> Exercise data
· · · · · · ·

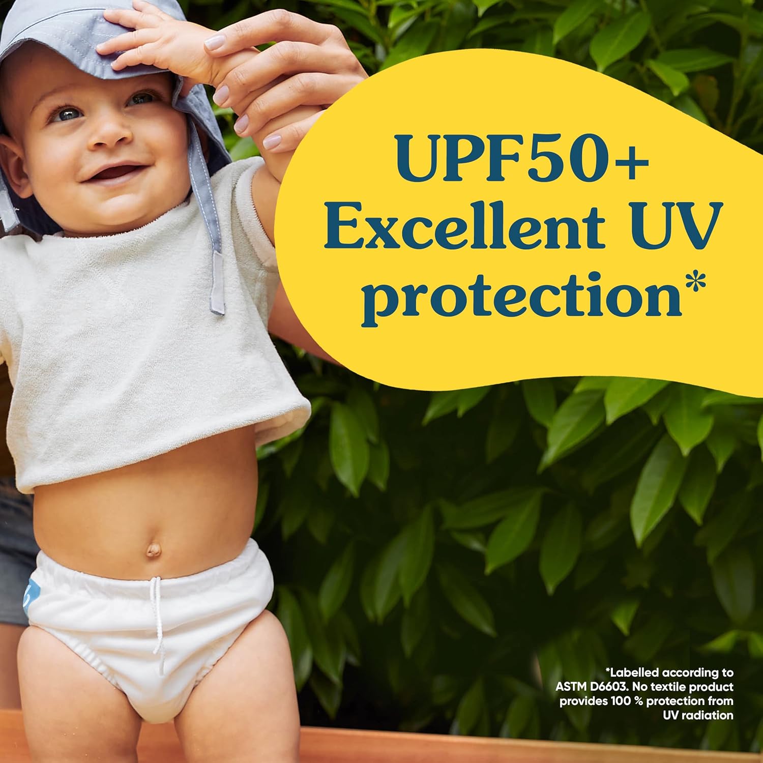 With an elastic drawstring waist, our swim diapers slip on and off easily for fast changes, even with wriggly babies.
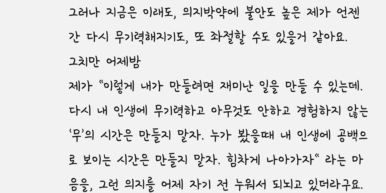 남들이 '좋아하는 일을 해야 된다'라고 하니까 조급하게 찾다가 답이 안 나오면, 되려 무기력해지기도 한다. 고민한다고 하루 이틀 내에 뚝딱 찾아지는 것도 아니고, 그러다 보면 또 자신이 한심해지고 무기력해지기를 반복하는 것이다.
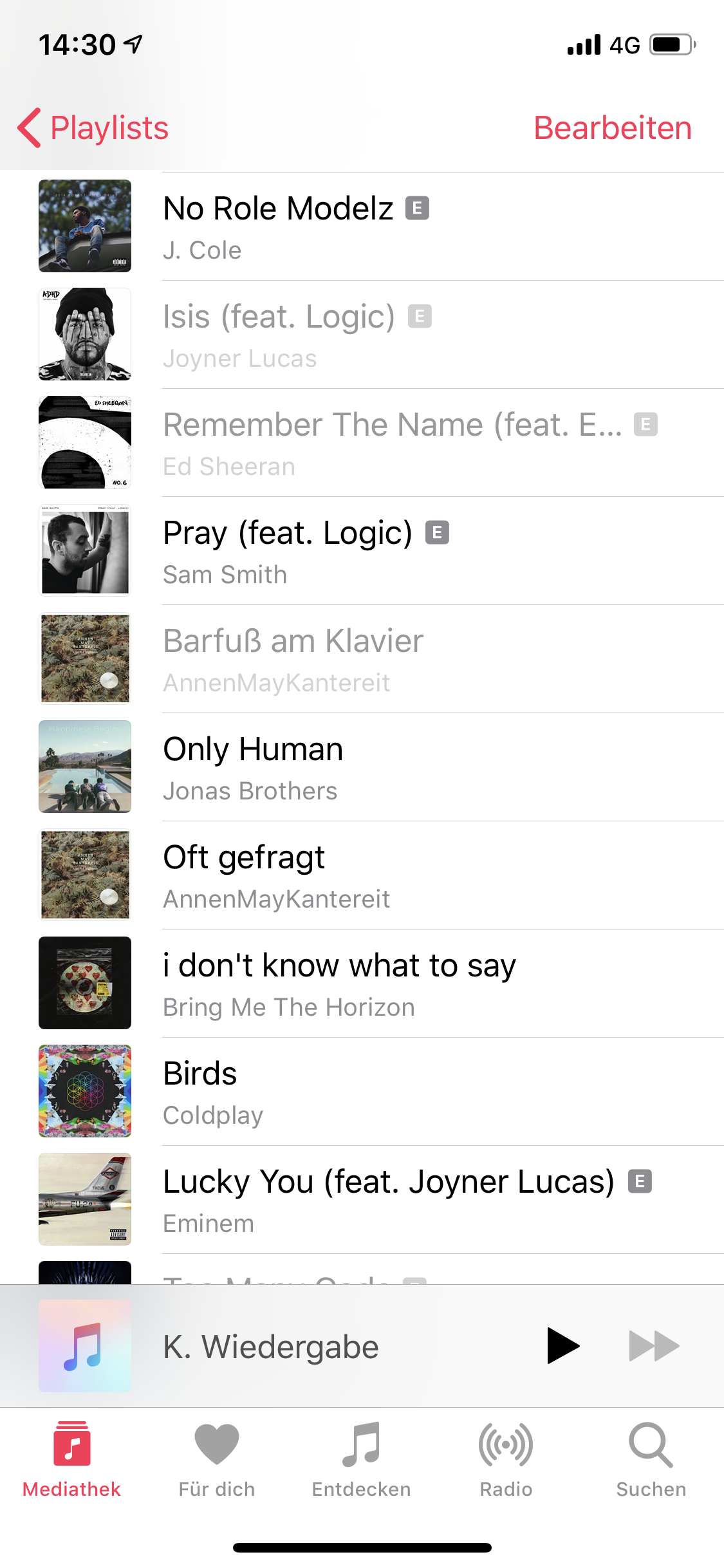 Hallo, ich habe einige Playlists in denen nun immer mehr Lieder grau dargestellt werden und wenn ich darauf klicke wird es als nicht verfügbar angezeigt. Das komische daran ist, dass ich bis vor ein paar Tagen alle Songs ganz normal hören konnte und vorallem kann ich die Songs trotzdem hören wenn ich auf den „Zufällig abspielen“ Button der Playlist klicke und dann solange auf nächster Song klicke bis das Lied kommt. Das ist aber bei manchen Playlisten echt nervig, da die mehr als 100 Songs enthalten und ich einfach gerne auf den Song klicken würde. Ich habe auch das Gefühl das wird jeden Tag mehr.
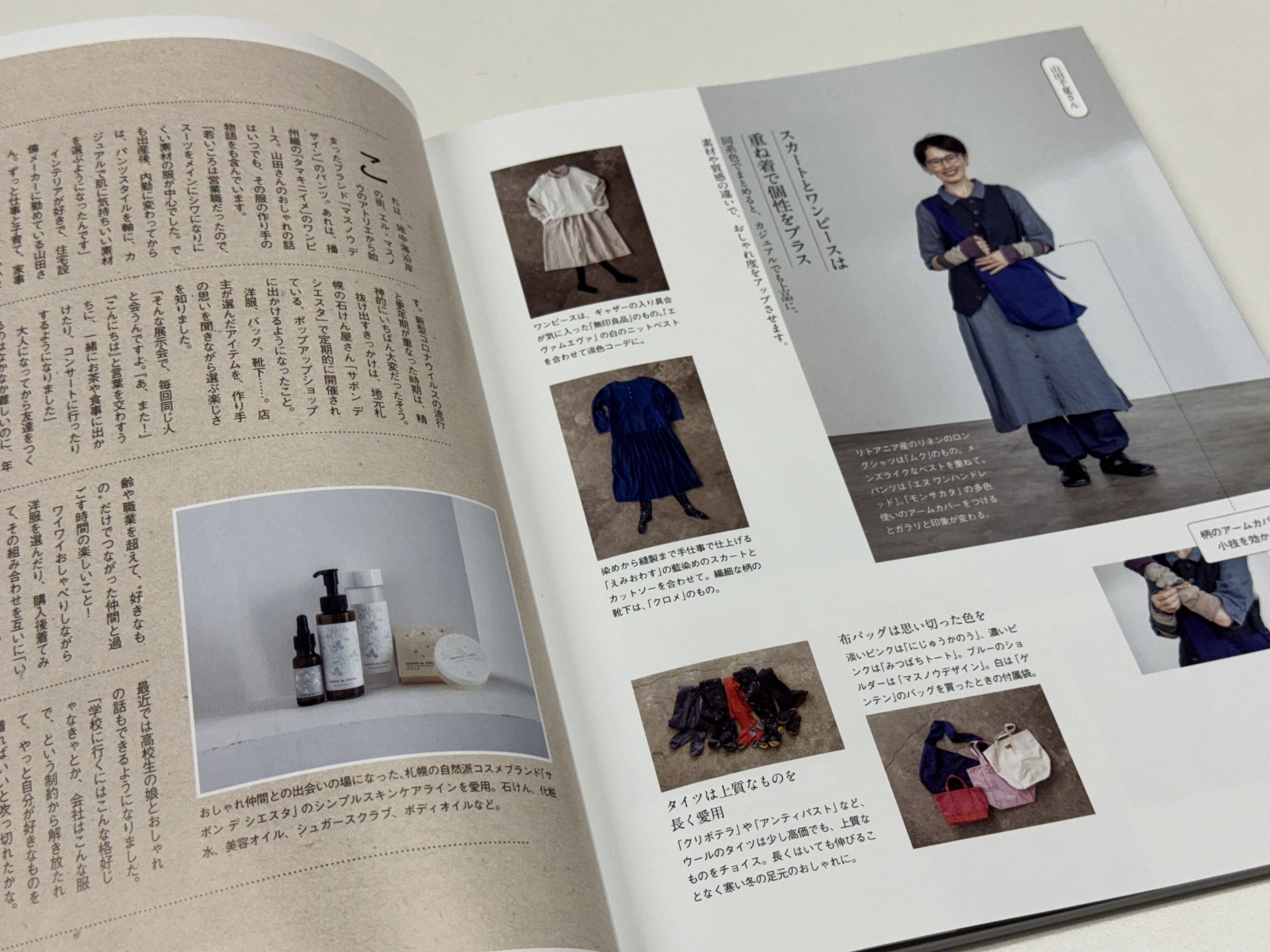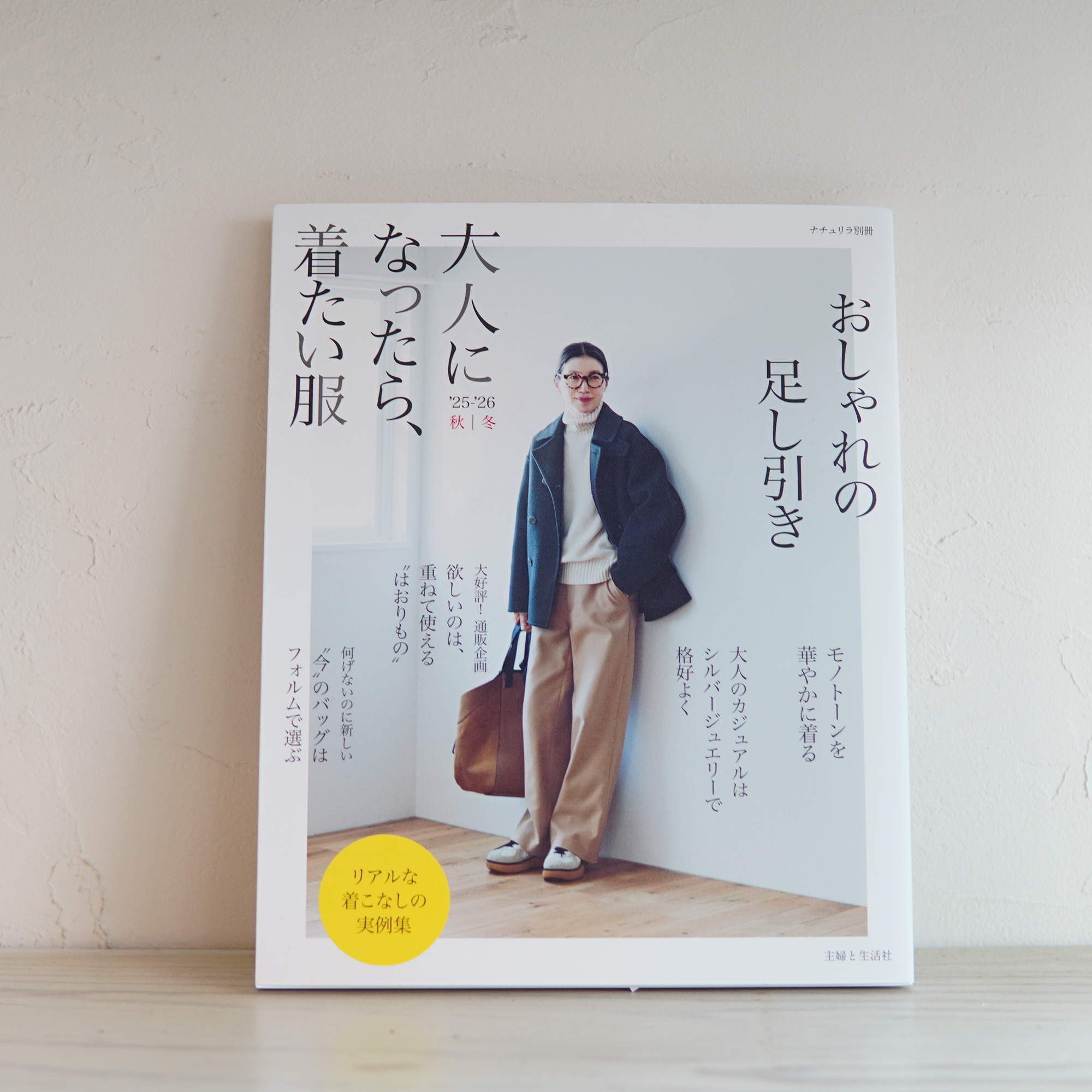 New Me!の講演会でもお話しいただいたライター一田憲子さんが企画・編集に関わられている雑誌ナチュリラ別冊『大人になったら、着たい服 ’25-‘26秋冬』(主婦と生活社:2025年10月29日発行)に、シエスタのお客さま(山田さん)が特集記事としてご紹介されました(p84-89)。

· · · · · · ·

> To do
The reply should repeat the data in full, exactly as given, and contain no pictures.

> Reply
 With an elastic drawstring waist, our swim diapers slip on and off easily for fast changes, even with wriggly babies.
 남들이 '좋아하는 일을 해야 된다'라고 하니까 조급하게 찾다가 답이 안 나오면, 되려 무기력해지기도 한다. 고민한다고 하루 이틀 내에 뚝딱 찾아지는 것도 아니고, 그러다 보면 또 자신이 한심해지고 무기력해지기를 반복하는 것이다.
 Hallo, ich habe einige Playlists in denen nun immer mehr Lieder grau dargestellt werden und wenn ich darauf klicke wird es als nicht verfügbar angezeigt. Das komische daran ist, dass ich bis vor ein paar Tagen alle Songs ganz normal hören konnte und vorallem kann ich die Songs trotzdem hören wenn ich auf den „Zufällig abspielen“ Button der Playlist klicke und dann solange auf nächster Song klicke bis das Lied kommt. Das ist aber bei manchen Playlisten echt nervig, da die mehr als 100 Songs enthalten und ich einfach gerne auf den Song klicken würde. Ich habe auch das Gefühl das wird jeden Tag mehr.
 New Me!の講演会でもお話しいただいたライター一田憲子さんが企画・編集に関わられている雑誌ナチュリラ別冊『大人になったら、着たい服 ’25-‘26秋冬』(主婦と生活社:2025年10月29日発行)に、シエスタのお客さま(山田さん)が特集記事としてご紹介されました(p84-89)。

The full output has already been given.